Another important methodological issue is that of hindsight-bias [35]. If peer-review teams visiting hospitals are not blinded, the high mortality rate hospitals may be subject to greater scrutiny because of the case-mix adjustment fallacy [53]. Most studies involving peer reviews stated that reviewers were blind to the mortality status. This is less problematic when reviewing hospitals but much more challenging when patient case-notes are being reviewed [36].

The definition of mortality was inconsistent. Some studies used inpatient deaths whilst others used death before 30 days or more after admission or after surgery. For example, the identification of outlier hospitals might vary depending on whether all deaths within a defined time period, all hospital deaths attributable to certain conditions or all hospital deaths are counted. Only three studies measured mortality at multiple points. They all found a similar relationship between process and mortality regardless of time [53, 64, 74].
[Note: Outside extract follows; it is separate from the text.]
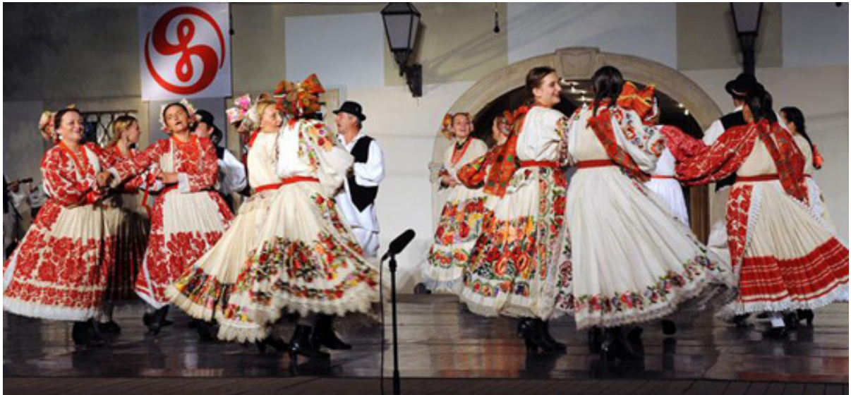
Slika 19: 47. Međunarodna smotra folklora u Zagrebu

narodnih nošnji. Intenzivnije se obnavljaju i plesna i glazbena folklorna tradicija, obnavljaju se ili osnivaju kulturna društva i udruge u selima ili zavičajna društva u gradovima u koje su se doselili ili su prognani stanovnici pojedinih područja, uz želju za očuvanjem i izražavanjem lokalnih posebnosti folklornih plesova, pjesama i običaja. 47

Studies which attempt to correlate adherence to processes with mortality may be susceptible to ecological fallacy. Some studies used mortality for entire hospitals, but assessed quality of care for specific groups of patients in those hospitals. This may explain why some but not all processes appear to be inversely related to mortality: a hospital could have a low overall mortality yet deliver poor care and have a high mortality rate for patients with AMI; some studies would have considered this a low rather than a high mortality hospital. The degree to which the quality criteria related to measured outcomes was subjective and therefore it was not easy to categorise studies by the degree of fit between process and the outcome that might be affected by that process. In any event, if the quality of care for one type of condition correlates with care in general, and if care in general correlates with outcome, then there should be a correlation between care for one condition and outcomes over many conditions.

Another example of susceptibility to the ecological fallacy is observed in studies where quality of care was not necessarily assessed over the same time period as mortality [46, 63]; significant changes in clinical practice could have occurred in the meantime.

We are aware of one other paper that has been published since undertaking our original search [37]. This study found despite significant correlations between risk-adjusted mortality and certain process measures, overall process measures only explained 6% of the variation in hospital mortality rates for patients with AMI.

We suggest that given the consistency of findings across a wide range of different studies that quality of care is only weakly associated with hospital mortality, further research is unlikely to add to the existing body of information. However, there is a need to develop more subtle measures of quality of care, both at the level of patient contact (e.g. vigilance of nursing observations or technical proficiency of surgeons) and at the level of the system (e.g. teamwork and human resources policies).


Our findings are in agreement with a previous, but not systematic, review [24] of the relationship between quality of care and risk-adjusted mortality. The authors concluded that whilst hospitals that delivered poor-quality care could have higher risk-adjusted mortality rates, hospitals with higher-than-expected risk-adjusted mortality rates did not necessarily provide poor quality care, and different risk-adjusted mortality rates in individual hospitals were not indicative of differences in quality of care.

Despite important methodological concerns, the production of risk-adjustment mortality will almost certainly continue; however logical argument and empirical evidence demonstrates that the link between quality of care and risk-adjusted mortality remains largely unreliable.